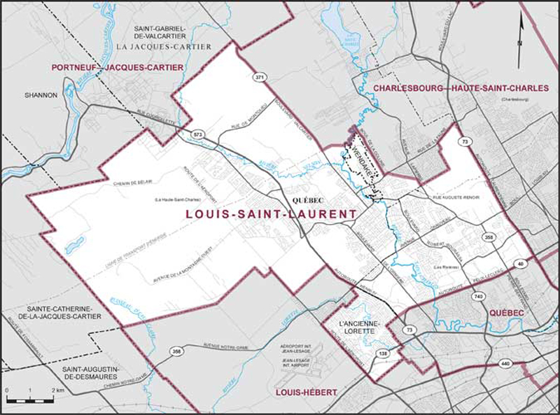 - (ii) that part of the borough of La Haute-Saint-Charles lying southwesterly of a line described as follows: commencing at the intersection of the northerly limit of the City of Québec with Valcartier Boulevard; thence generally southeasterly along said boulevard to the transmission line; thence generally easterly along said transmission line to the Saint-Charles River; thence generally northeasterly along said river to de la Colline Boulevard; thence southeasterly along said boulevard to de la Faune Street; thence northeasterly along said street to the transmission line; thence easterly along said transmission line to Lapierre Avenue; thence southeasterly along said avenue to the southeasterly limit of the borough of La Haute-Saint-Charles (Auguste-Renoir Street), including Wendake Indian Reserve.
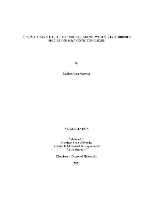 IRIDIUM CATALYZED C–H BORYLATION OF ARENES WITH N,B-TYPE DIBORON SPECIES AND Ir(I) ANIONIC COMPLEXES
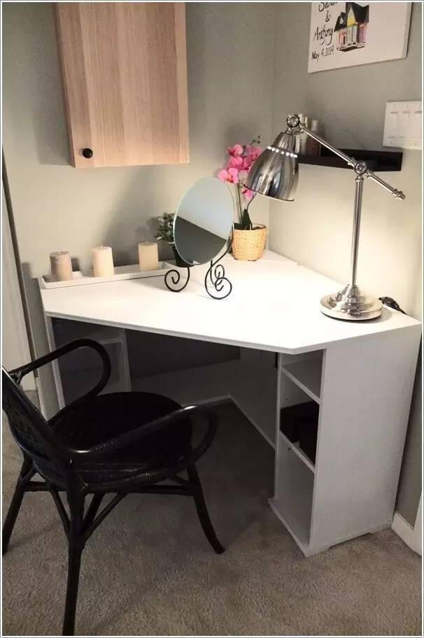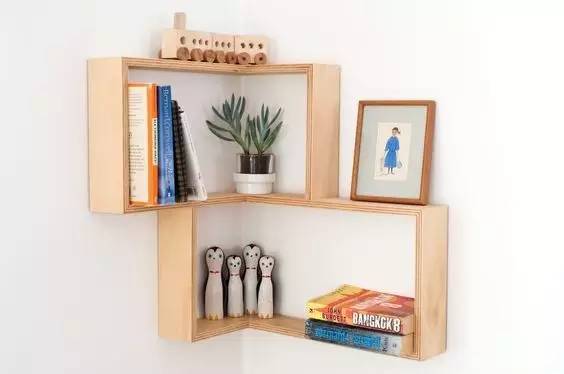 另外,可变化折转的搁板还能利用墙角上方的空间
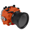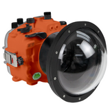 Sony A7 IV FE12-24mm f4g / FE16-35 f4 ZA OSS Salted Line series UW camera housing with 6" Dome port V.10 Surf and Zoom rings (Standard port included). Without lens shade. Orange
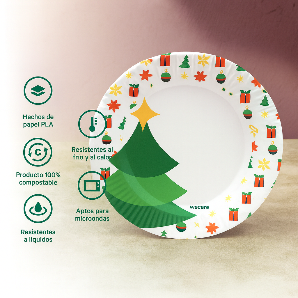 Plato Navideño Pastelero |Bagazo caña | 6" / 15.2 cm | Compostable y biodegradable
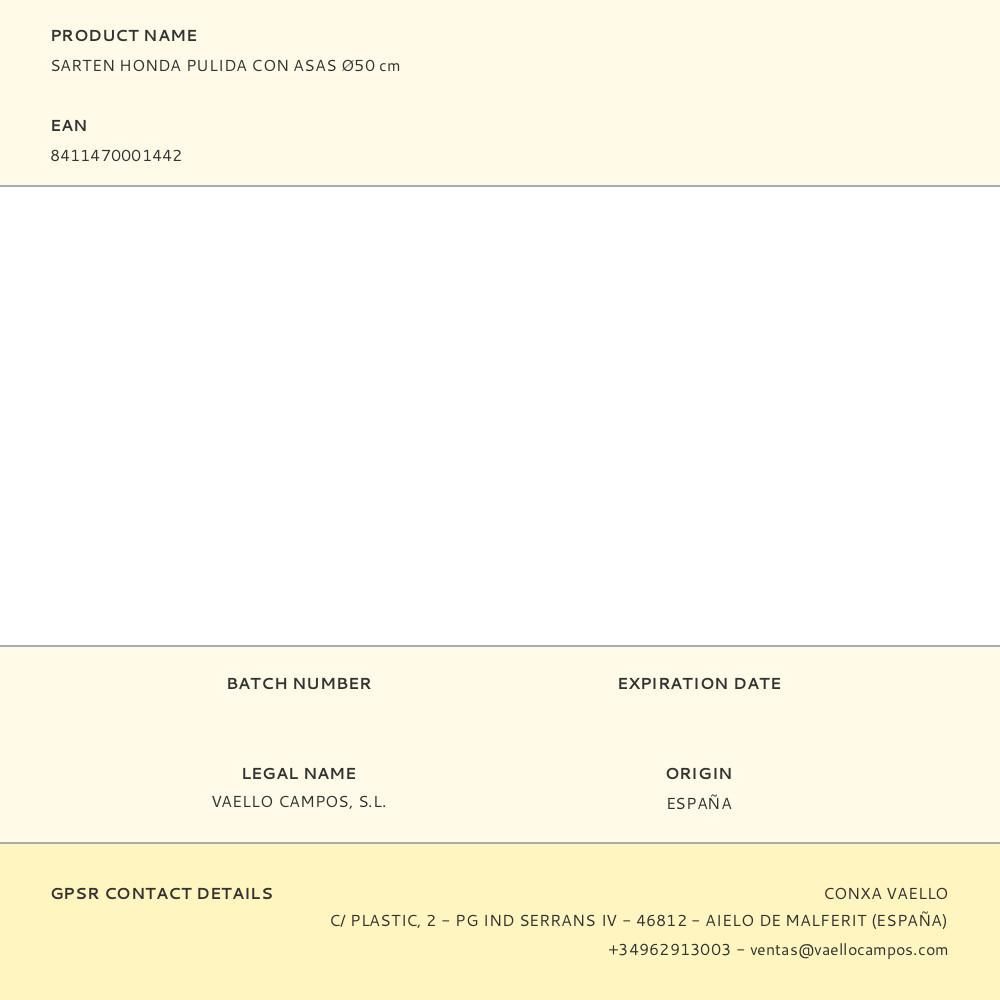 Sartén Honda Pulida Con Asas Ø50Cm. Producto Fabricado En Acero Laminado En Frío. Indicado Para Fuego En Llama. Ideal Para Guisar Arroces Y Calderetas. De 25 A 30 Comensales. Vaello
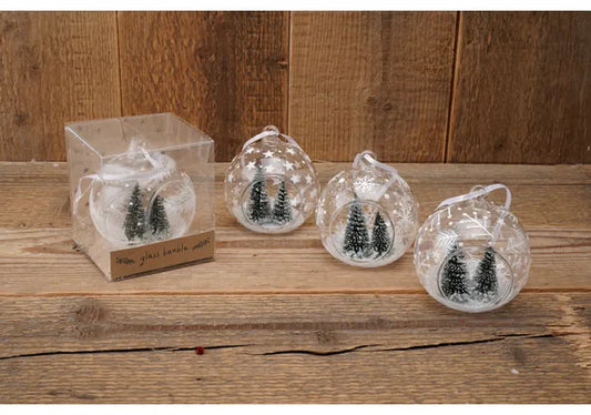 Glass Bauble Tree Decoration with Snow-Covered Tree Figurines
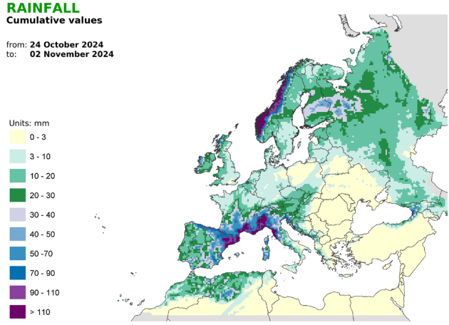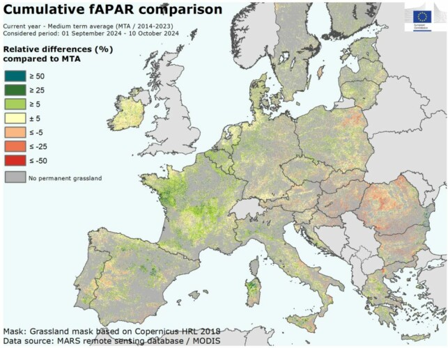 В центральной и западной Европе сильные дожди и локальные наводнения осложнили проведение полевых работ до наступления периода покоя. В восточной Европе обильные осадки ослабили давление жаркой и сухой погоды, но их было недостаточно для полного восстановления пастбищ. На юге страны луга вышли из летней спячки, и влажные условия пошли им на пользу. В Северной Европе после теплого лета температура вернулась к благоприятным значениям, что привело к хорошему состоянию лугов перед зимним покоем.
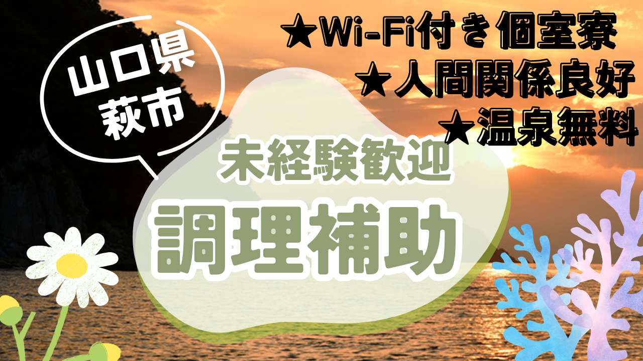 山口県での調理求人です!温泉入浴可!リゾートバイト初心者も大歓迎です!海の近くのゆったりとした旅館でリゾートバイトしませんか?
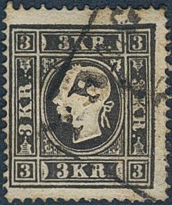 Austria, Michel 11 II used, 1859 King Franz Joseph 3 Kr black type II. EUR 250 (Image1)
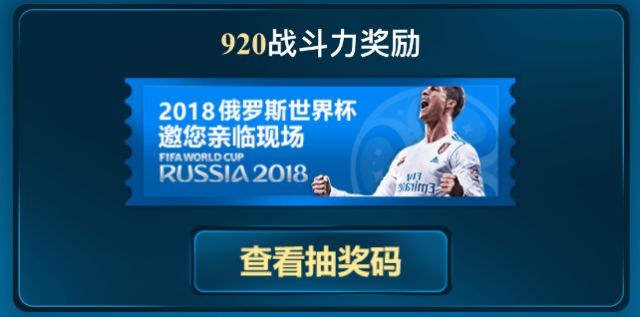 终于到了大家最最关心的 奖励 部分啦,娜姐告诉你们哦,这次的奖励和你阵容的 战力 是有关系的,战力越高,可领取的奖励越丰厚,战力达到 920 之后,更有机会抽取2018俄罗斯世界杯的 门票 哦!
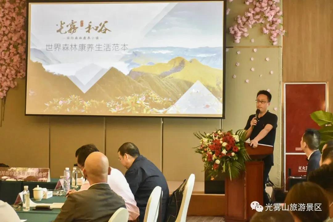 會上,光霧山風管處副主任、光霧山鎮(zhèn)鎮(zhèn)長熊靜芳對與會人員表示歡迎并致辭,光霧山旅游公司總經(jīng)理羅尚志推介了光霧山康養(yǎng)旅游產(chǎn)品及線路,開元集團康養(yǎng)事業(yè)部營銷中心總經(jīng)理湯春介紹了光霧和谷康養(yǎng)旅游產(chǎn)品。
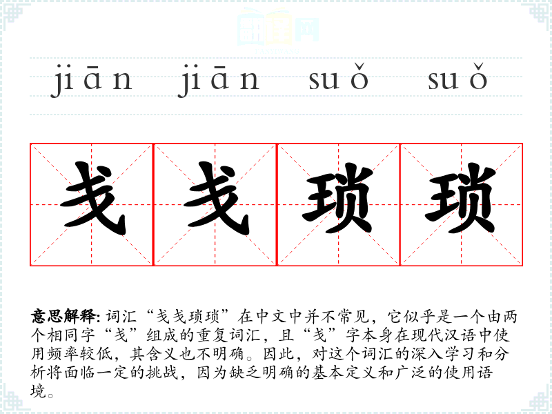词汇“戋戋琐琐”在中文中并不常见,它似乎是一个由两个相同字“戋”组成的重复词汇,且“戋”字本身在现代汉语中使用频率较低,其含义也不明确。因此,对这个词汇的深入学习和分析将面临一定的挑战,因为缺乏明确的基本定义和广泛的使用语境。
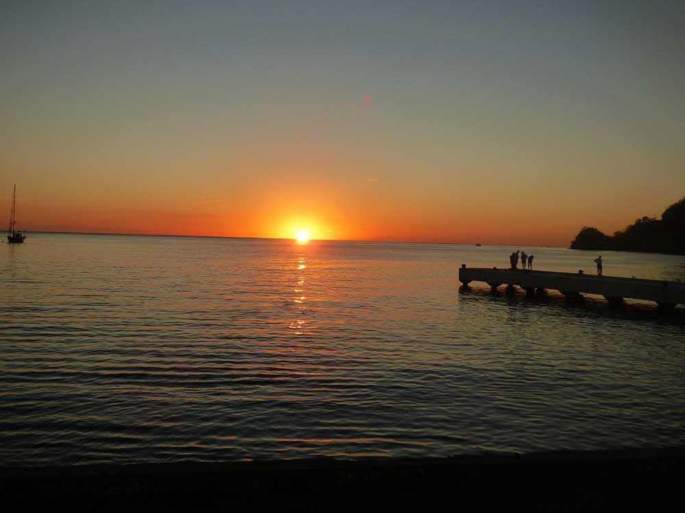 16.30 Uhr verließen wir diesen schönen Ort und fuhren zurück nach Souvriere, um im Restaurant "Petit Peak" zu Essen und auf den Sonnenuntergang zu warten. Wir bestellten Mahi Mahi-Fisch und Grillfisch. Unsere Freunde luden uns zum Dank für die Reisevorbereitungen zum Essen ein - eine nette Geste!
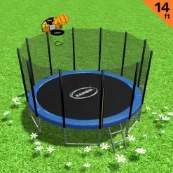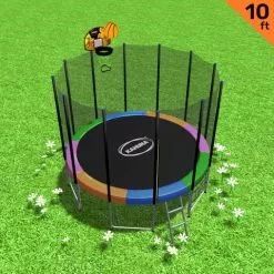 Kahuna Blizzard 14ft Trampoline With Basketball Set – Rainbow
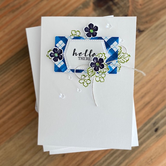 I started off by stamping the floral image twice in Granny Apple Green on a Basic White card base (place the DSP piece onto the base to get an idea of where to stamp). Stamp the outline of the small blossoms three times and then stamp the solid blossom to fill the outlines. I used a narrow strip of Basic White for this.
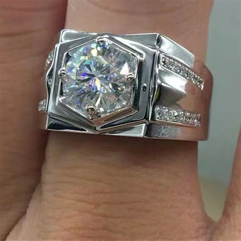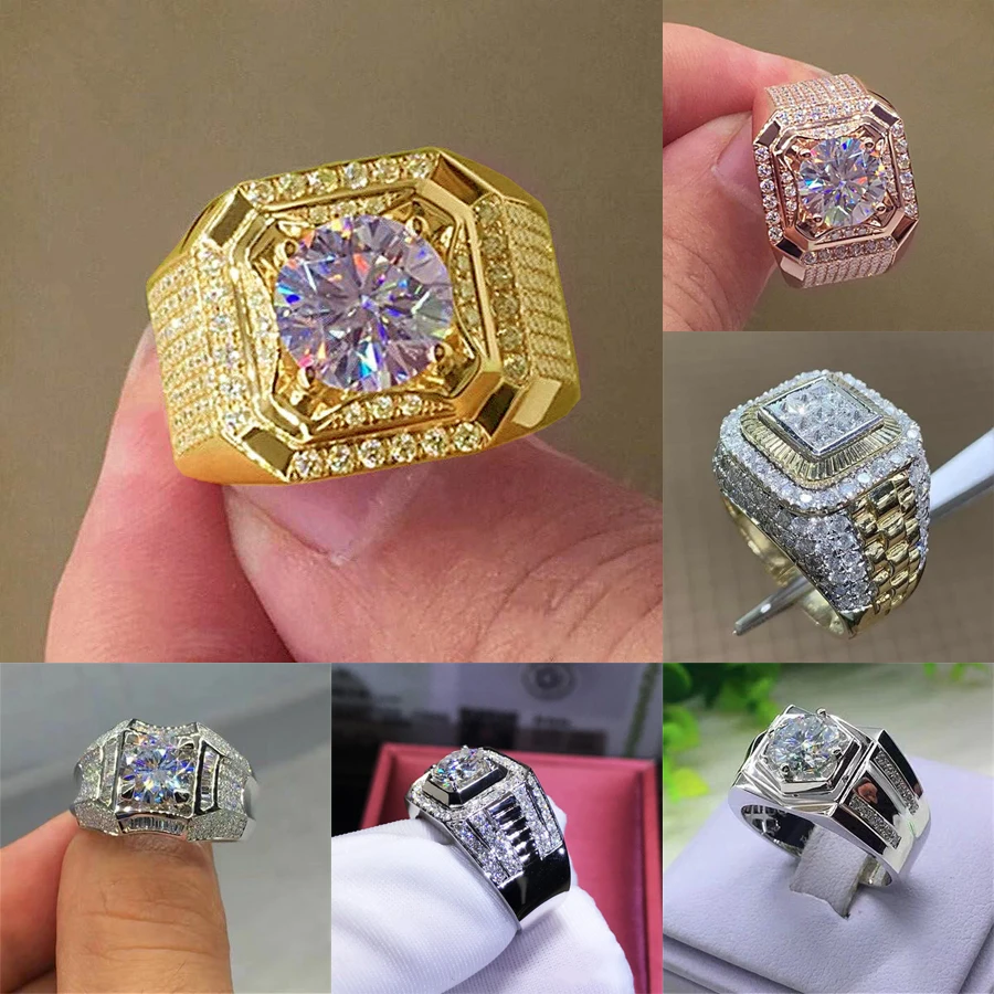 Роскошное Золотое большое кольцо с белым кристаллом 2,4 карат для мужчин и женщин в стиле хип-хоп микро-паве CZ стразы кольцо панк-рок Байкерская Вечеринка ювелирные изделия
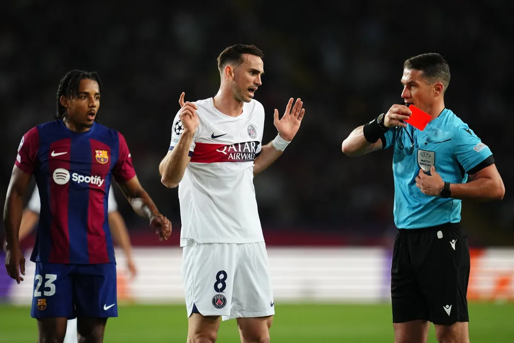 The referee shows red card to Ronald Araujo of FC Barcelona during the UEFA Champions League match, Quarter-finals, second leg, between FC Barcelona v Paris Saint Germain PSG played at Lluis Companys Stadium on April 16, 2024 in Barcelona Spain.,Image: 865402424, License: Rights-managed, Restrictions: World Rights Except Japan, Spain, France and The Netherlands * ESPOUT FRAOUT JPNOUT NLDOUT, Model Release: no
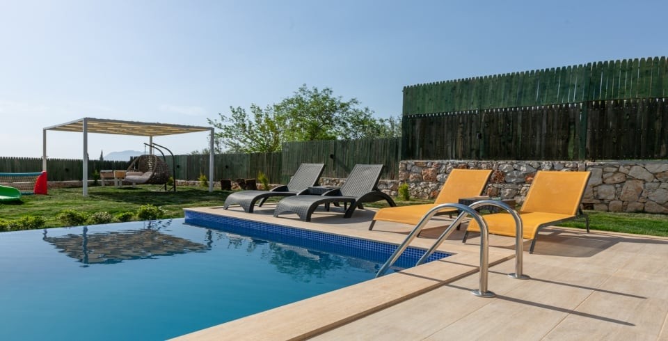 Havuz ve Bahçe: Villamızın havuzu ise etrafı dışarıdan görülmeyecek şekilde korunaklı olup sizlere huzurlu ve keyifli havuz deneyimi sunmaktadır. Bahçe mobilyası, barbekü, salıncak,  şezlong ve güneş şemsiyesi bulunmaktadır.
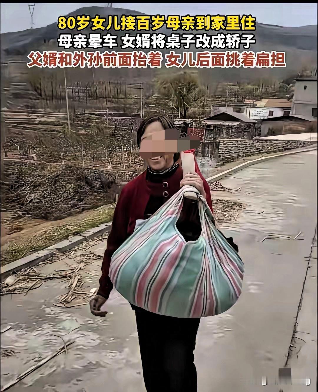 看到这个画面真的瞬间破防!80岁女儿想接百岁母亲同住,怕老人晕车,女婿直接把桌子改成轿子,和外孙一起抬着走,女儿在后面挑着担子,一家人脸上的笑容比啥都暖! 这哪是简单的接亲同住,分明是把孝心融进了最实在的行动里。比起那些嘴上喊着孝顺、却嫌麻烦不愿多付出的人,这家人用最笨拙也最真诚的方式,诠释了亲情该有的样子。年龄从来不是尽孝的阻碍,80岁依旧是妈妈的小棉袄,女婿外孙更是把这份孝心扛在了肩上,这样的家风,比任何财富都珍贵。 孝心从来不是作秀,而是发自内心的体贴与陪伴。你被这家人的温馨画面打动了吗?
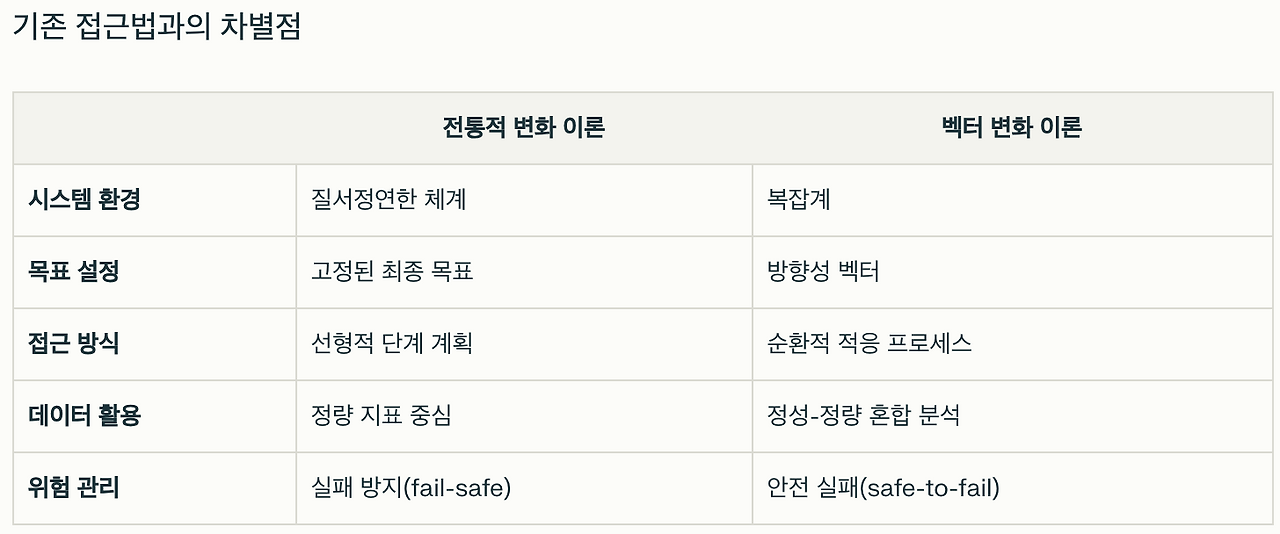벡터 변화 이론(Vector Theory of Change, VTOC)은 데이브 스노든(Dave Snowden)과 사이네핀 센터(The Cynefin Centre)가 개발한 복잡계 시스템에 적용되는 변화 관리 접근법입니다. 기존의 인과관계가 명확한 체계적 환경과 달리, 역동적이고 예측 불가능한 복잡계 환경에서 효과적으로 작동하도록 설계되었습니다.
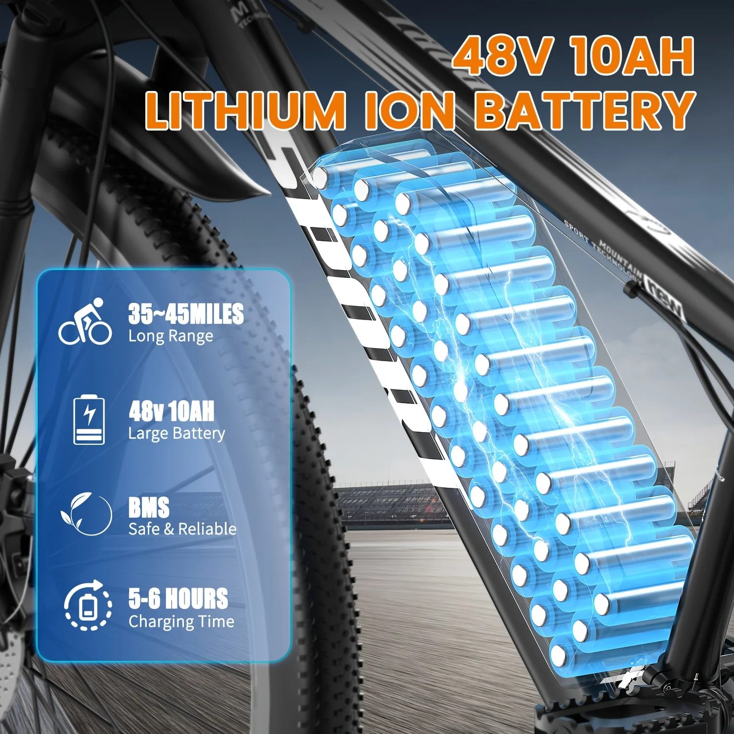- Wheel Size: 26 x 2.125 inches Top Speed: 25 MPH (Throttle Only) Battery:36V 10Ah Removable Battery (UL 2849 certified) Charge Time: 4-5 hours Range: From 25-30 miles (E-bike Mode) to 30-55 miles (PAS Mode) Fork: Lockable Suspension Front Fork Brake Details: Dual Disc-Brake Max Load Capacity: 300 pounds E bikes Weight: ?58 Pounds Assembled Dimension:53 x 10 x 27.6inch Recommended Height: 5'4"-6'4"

------------------------------------------------------------------------

### Work request
Look above for the line with "I started off" and the line with "벡터 변화 이론(Vector". Give again exactly those two lines and all lines between them, pictures excluded.

### Task result
 I started off by stamping the floral image twice in Granny Apple Green on a Basic White card base (place the DSP piece onto the base to get an idea of where to stamp). Stamp the outline of the small blossoms three times and then stamp the solid blossom to fill the outlines. I used a narrow strip of Basic White for this.
 Роскошное Золотое большое кольцо с белым кристаллом 2,4 карат для мужчин и женщин в стиле хип-хоп микро-паве CZ стразы кольцо панк-рок Байкерская Вечеринка ювелирные изделия
 The referee shows red card to Ronald Araujo of FC Barcelona during the UEFA Champions League match, Quarter-finals, second leg, between FC Barcelona v Paris Saint Germain PSG played at Lluis Companys Stadium on April 16, 2024 in Barcelona Spain.,Image: 865402424, License: Rights-managed, Restrictions: World Rights Except Japan, Spain, France and The Netherlands * ESPOUT FRAOUT JPNOUT NLDOUT, Model Release: no
 Havuz ve Bahçe: Villamızın havuzu ise etrafı dışarıdan görülmeyecek şekilde korunaklı olup sizlere huzurlu ve keyifli havuz deneyimi sunmaktadır. Bahçe mobilyası, barbekü, salıncak,  şezlong ve güneş şemsiyesi bulunmaktadır.
 看到这个画面真的瞬间破防!80岁女儿想接百岁母亲同住,怕老人晕车,女婿直接把桌子改成轿子,和外孙一起抬着走,女儿在后面挑着担子,一家人脸上的笑容比啥都暖! 这哪是简单的接亲同住,分明是把孝心融进了最实在的行动里。比起那些嘴上喊着孝顺、却嫌麻烦不愿多付出的人,这家人用最笨拙也最真诚的方式,诠释了亲情该有的样子。年龄从来不是尽孝的阻碍,80岁依旧是妈妈的小棉袄,女婿外孙更是把这份孝心扛在了肩上,这样的家风,比任何财富都珍贵。 孝心从来不是作秀,而是发自内心的体贴与陪伴。你被这家人的温馨画面打动了吗?
벡터 변화 이론(Vector Theory of Change, VTOC)은 데이브 스노든(Dave Snowden)과 사이네핀 센터(The Cynefin Centre)가 개발한 복잡계 시스템에 적용되는 변화 관리 접근법입니다. 기존의 인과관계가 명확한 체계적 환경과 달리, 역동적이고 예측 불가능한 복잡계 환경에서 효과적으로 작동하도록 설계되었습니다.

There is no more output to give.